→ Exercise requirements
Records follow. Print exactly the lines from the one that has "- Tax Receipt" through the one that has "7.2.10 Buy Stamford", inclusive, and omit the pictures.

→ Records for the task
···

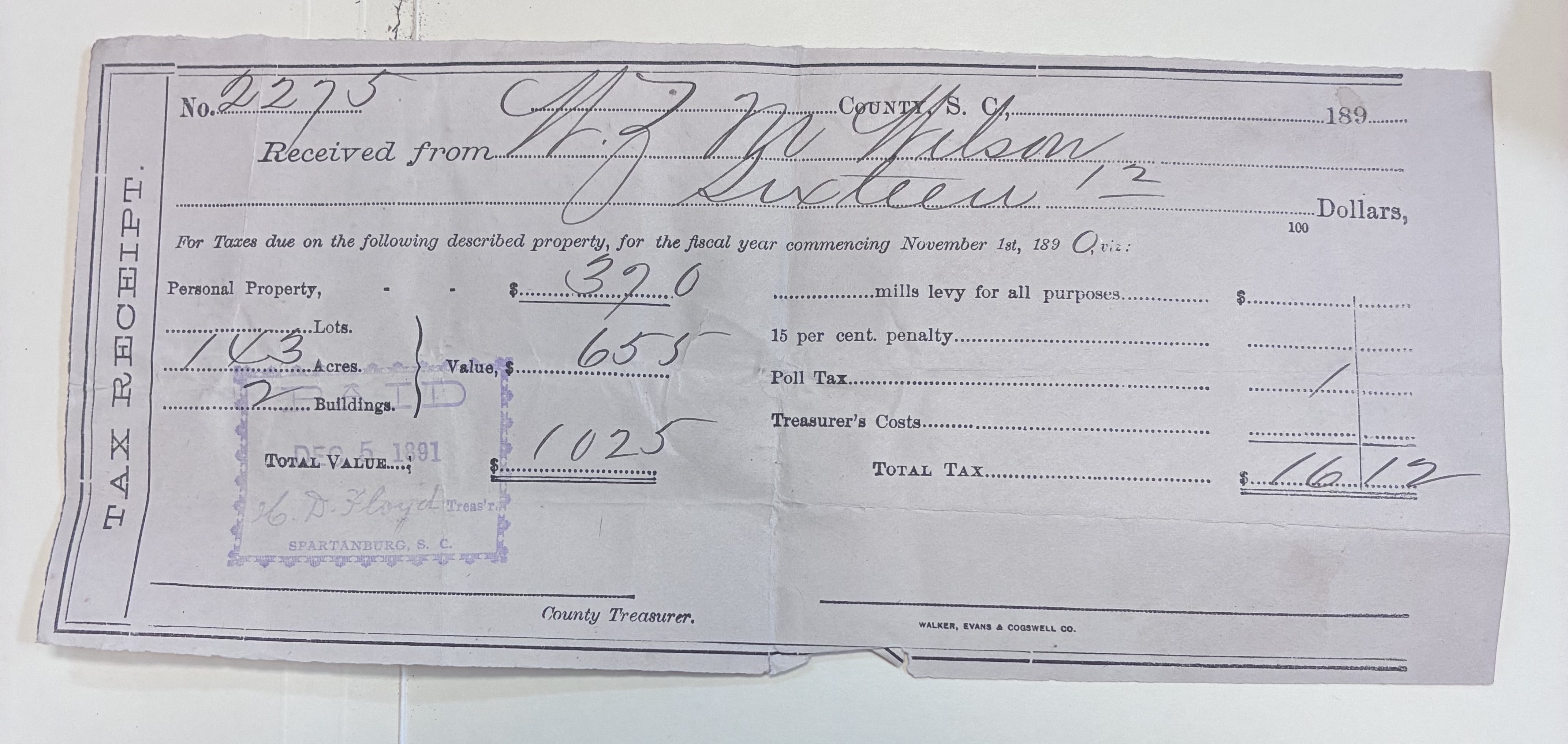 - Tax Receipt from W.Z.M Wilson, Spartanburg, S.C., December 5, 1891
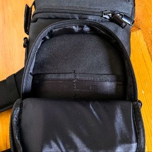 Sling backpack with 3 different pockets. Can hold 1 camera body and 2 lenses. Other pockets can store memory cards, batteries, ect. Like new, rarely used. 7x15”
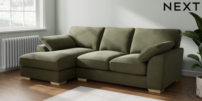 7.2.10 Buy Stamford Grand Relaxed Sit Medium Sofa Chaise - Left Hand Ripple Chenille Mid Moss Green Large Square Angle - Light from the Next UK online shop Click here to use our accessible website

···

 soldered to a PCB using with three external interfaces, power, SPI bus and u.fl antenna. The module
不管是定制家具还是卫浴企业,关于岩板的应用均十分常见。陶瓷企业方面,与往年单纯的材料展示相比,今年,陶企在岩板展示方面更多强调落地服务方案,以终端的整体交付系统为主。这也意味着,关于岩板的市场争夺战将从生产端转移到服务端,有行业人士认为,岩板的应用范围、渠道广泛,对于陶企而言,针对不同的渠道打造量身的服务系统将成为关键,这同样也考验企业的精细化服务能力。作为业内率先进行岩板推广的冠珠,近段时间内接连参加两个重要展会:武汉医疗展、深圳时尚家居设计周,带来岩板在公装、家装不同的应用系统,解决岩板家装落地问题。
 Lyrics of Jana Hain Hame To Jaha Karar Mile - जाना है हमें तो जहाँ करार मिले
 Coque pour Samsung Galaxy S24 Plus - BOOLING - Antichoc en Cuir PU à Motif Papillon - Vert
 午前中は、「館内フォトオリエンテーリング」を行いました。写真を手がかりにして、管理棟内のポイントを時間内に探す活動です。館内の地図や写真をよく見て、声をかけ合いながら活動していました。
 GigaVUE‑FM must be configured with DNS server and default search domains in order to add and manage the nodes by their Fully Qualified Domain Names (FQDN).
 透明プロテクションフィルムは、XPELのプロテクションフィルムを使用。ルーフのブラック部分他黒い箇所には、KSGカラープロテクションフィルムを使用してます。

···

→ Answer box
 - Tax Receipt from W.Z.M Wilson, Spartanburg, S.C., December 5, 1891
 Sling backpack with 3 different pockets. Can hold 1 camera body and 2 lenses. Other pockets can store memory cards, batteries, ect. Like new, rarely used. 7x15”
 7.2.10 Buy Stamford Grand Relaxed Sit Medium Sofa Chaise - Left Hand Ripple Chenille Mid Moss Green Large Square Angle - Light from the Next UK online shop Click here to use our accessible website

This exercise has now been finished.